Gap Years: Missing Young Adults Between Graduation and Marriage
A “gap year” between high school and college is supposed to be a time to “find oneself” and mark the important transition from young person to young adult. Unfortunately, as a Church, we have created our own “divide.” There is little to nothing present for young adults once they get past high school. This is the post-high school (even post Confirmation) gap that exists until marriage. It’s killing the Church. So, how did we get here?
We relied too much on national culture: We assumed that, as it had been true for centuries, young people will continue to live in cultural enclaves where much of their customs and ways of life were dictated by past religious principles. This meant that the faith would pass on in the same way that family recipes did. But then, people became more mobile, communication became more accessible, and cultures became intermingled. Suddenly, people had to choose faith, and we weren’t prepared for that.
We missed the marriage train: When the gap that existed between high school and settling into a family was simply a couple of years, we were much more likely to see people stay connected to faith and faith communities. But over the last fifty years the average age of marriage has continued to rise. Our church celebrates enough weddings to know about this, but we just didn’t actually do anything about this.
We went eggs all in one basket: In the 60s and 70s, there was a growing movement around youth ministry to high school-aged youth because Sociology and Psychology were telling us that those years were identity-forming years. But, as any investor likes to say, “Diversify, diversify, diversify.” Youth ministry has done some incredible work, but if you’re only gonna pick the early ripening fruit, you’re gonna miss a lot of the harvest.
So, what do we do now? Let me offer a few suggestions:
- Do not lose them in the relationship shuffle
Young adults are transient. They go to college somewhere else, get a job somewhere else, bounce from place to place for years. That can make them hard to keep track, but we have to try. It’s what I like to call passing the relational baton from one Catholic parish, campus ministry, etc to another. No other institution on earth could do this the way we could if we tried.

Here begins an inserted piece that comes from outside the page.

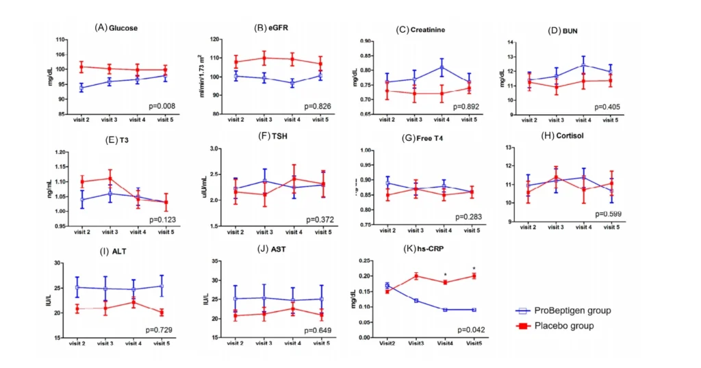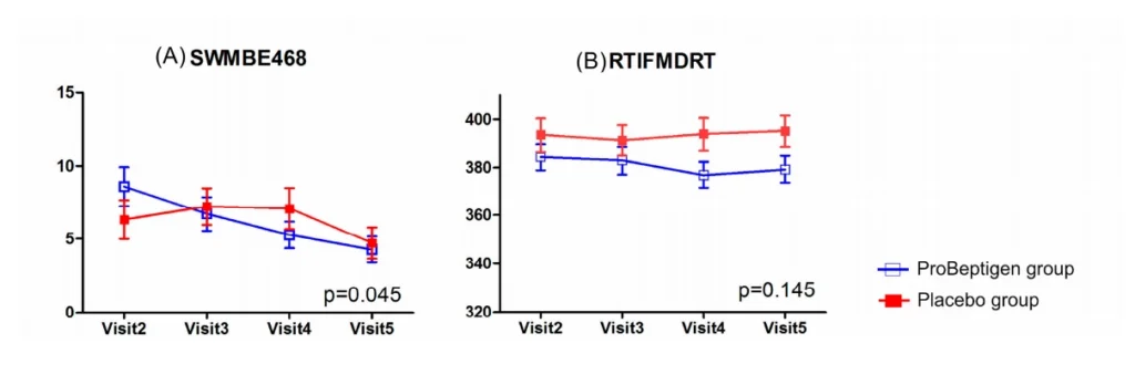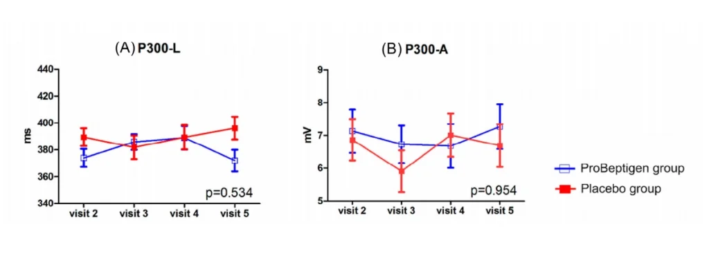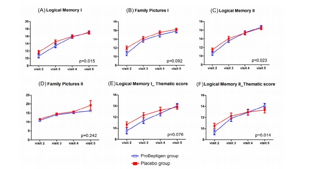 670 มิลลิกรัมนาน 2 เดือนมีความจำทางภาษาทั้งระยะสั้นและระยะยาว (ภาพประกอบ 1) และความจำใช้งาน (ภาพประกอบ 2) ดีขึ้นเมื่อเทียบกับกลุ่มควบคุมที่ได้รับยาหลอก (placebo) การรับประทานไฮโดรไลซ์เปปไทด์ สารสกัดจากไก่ (โปรเบปทิเจน®)* ลดตัวบ่งชี้การอักเสบ (hs-CRP) ได้อย่างมีนัยสำคัญโดยเห็นผลมากขึ้นตามระยะเวลาเมื่อเทียบกับกลุ่มควบคุม (ภาพประกอบ 3) และไฮโดรไลซ์เปปไทด์ สารสกัดจากไก่ (โปรเบปทิเจน®)* ไม่ส่งผลกระทบต่อความรู้สึกเครียด อารมณ์(ภาวะซึมเศร้า, ความวิตกกังวล) และคุณภาพการนอนหลับ (ภาพประกอบ 4)

- Embrace transitional community
Often as a geographically centered ministry we want those we minister to circle around the physical place, such as our parish, that gives definition to our community. Since many young adults don’t fit this pattern we either count it as too hard or not worth our effort to invest if they’ll be gone within a couple years if not a couple of weeks. Yet we can embrace what it means to have young adults who are experiencing a great amount of flux. We can offer to help pair roommates together, plan welcome and goodbye parties, and create virtual communities that leave people connected no matter where their bed is currently located in proximity to the parish.
- Use language that is not just for families
I love families. They are great. So great, in fact, that I have one that I helped to start! But often I go to church and all I hear about, or read about in the bulletin, or see bringing up the gifts, are families. As the Church is rightfully focusing on the importance of the family we must be aware that for a young adult who doesn’t consider himself or herself to be living out of their immediate family and hasn’t started their own, may not respond to a parish that only talks about families. By the time they fit into that category, they are already out of our churches.
These gap years have left many of our current young adults without a faith-based community and, when people no longer belong, they are much more likely to not believe. We must step in to the gap that we as a society have created to announce the Kingdom of God to a group of people who want to find themselves by finding Jesus. And do it before they get married.
What are some ways that your parish can “bridge the gap”?
We used to speak often of the need to see our teenagers in roles that make them visible to the parish community and their peers. Lectors, Extraordinary Ministers of Communion, Ushers, Pastoral Council, etc. The question we need to ask ourselves is: “Are we lifting up our young adults in the same way?” If the answer is ‘no’ we need to change that in our parish culture. If we aren’t cultivating visible and practical leadership in the young adult community we are only contributing to the problem of disconnect and disillusionment.